YOUR ASSIGNMENT: Give again, word for word, each line below starting at the one that contains "В этом радикале" and ending at the one that contains "I made a key".
==== RECORDS FOR THIS TASK
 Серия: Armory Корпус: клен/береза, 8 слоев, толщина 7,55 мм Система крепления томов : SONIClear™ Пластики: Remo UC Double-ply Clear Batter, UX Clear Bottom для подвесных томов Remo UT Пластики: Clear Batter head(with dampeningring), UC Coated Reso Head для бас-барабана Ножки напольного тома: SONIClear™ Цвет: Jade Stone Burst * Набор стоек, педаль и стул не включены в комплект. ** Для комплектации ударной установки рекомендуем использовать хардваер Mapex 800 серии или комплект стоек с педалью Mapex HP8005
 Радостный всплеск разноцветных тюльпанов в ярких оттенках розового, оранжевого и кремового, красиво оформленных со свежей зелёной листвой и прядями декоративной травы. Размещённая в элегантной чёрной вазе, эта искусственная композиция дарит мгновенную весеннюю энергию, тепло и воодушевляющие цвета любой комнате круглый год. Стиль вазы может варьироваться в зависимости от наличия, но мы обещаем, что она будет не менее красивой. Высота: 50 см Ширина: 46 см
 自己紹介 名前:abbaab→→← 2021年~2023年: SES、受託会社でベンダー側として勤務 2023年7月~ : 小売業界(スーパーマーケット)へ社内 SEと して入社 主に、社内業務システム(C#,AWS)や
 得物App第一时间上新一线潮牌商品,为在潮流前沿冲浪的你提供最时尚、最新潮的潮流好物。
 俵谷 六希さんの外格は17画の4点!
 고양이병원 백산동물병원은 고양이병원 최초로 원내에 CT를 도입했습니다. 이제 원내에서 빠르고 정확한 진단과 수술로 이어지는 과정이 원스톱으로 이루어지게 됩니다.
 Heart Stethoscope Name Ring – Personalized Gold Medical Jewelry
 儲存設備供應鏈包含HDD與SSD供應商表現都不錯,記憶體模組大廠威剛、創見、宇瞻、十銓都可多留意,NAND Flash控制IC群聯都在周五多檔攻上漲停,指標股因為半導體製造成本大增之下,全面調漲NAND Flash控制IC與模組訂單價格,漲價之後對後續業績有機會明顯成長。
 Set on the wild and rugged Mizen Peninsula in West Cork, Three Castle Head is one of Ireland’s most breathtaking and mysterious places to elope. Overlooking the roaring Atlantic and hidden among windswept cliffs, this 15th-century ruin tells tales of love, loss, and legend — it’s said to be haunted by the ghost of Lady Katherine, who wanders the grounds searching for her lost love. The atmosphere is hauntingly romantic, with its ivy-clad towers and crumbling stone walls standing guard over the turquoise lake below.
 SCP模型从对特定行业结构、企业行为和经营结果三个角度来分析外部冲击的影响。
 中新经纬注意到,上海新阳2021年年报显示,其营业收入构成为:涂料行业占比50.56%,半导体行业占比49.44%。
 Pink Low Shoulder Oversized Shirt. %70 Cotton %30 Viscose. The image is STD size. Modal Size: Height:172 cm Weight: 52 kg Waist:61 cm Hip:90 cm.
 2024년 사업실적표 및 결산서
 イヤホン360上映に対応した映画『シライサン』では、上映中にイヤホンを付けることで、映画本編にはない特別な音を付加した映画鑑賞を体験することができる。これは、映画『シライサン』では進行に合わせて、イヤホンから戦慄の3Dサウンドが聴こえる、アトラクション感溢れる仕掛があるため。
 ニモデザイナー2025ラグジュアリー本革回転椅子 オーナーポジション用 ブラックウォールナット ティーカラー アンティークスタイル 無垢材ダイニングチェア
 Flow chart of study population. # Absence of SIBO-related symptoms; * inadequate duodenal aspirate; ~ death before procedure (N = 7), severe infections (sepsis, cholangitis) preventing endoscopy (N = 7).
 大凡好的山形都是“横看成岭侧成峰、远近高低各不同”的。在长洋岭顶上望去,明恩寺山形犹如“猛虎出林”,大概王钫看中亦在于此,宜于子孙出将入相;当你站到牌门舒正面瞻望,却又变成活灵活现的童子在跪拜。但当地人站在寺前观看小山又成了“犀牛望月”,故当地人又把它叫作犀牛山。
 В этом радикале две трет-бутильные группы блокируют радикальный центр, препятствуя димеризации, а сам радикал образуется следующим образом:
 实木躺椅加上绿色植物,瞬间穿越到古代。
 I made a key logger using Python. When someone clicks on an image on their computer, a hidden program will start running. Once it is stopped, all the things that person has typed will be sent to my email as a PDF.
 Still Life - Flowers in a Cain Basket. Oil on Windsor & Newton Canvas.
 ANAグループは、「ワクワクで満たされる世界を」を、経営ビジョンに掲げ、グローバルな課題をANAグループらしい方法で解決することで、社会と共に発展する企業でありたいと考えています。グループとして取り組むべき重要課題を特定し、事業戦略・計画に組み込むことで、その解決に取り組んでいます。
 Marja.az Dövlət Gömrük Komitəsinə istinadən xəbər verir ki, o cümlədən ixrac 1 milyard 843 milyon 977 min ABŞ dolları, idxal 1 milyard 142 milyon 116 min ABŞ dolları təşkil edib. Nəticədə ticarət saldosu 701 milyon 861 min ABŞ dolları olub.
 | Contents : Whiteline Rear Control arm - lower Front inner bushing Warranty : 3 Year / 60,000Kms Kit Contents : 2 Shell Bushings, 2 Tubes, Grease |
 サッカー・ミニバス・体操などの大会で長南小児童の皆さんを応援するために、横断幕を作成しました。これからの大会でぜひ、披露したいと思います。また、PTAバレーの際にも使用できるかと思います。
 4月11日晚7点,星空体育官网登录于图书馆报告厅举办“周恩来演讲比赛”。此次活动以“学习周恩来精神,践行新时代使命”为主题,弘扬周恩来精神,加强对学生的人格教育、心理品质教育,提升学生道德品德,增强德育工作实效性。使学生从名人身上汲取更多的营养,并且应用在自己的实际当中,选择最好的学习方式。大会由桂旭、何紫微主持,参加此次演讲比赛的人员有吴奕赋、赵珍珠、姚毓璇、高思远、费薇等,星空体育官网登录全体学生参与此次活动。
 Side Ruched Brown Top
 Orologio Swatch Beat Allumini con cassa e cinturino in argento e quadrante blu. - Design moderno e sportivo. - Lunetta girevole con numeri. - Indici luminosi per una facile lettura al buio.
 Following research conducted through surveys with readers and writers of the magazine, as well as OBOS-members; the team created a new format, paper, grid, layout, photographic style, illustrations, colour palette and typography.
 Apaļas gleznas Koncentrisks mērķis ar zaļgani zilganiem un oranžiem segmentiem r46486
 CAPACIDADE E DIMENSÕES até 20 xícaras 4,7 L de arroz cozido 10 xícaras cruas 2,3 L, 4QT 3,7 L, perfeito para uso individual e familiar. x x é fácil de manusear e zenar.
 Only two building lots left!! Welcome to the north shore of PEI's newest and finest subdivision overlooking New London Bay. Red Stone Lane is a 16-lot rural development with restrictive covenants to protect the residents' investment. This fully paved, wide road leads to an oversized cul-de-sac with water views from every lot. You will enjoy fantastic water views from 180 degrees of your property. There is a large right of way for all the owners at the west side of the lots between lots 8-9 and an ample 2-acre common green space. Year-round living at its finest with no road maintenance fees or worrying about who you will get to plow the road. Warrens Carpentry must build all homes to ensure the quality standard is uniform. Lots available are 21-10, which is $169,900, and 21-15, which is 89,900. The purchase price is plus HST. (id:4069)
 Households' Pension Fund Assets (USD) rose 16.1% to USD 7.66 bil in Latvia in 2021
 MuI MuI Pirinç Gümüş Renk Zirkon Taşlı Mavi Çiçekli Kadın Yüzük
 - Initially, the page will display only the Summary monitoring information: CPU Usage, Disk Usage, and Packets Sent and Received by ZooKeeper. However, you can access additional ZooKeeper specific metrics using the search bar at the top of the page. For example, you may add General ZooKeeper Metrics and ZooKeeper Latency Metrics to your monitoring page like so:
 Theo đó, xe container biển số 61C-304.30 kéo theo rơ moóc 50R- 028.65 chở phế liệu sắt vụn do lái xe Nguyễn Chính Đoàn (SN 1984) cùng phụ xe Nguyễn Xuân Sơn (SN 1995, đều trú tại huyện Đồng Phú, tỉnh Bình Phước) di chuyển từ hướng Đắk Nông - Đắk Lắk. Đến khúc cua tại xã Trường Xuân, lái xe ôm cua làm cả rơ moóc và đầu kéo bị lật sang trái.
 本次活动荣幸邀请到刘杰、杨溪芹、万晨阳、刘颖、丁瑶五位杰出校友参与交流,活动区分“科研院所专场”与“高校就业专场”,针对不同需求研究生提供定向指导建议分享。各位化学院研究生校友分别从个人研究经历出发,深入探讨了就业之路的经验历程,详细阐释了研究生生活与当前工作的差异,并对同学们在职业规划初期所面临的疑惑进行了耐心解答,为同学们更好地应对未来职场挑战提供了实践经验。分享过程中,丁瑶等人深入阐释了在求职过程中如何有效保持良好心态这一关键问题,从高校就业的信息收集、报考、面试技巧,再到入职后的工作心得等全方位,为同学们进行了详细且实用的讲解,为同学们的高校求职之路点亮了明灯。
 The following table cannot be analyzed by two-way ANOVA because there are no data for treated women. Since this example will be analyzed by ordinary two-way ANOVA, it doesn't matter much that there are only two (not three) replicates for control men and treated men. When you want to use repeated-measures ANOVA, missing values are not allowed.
========
RESPONSE AREA:
 В этом радикале две трет-бутильные группы блокируют радикальный центр, препятствуя димеризации, а сам радикал образуется следующим образом:
 实木躺椅加上绿色植物,瞬间穿越到古代。
 I made a key logger using Python. When someone clicks on an image on their computer, a hidden program will start running. Once it is stopped, all the things that person has typed will be sent to my email as a PDF.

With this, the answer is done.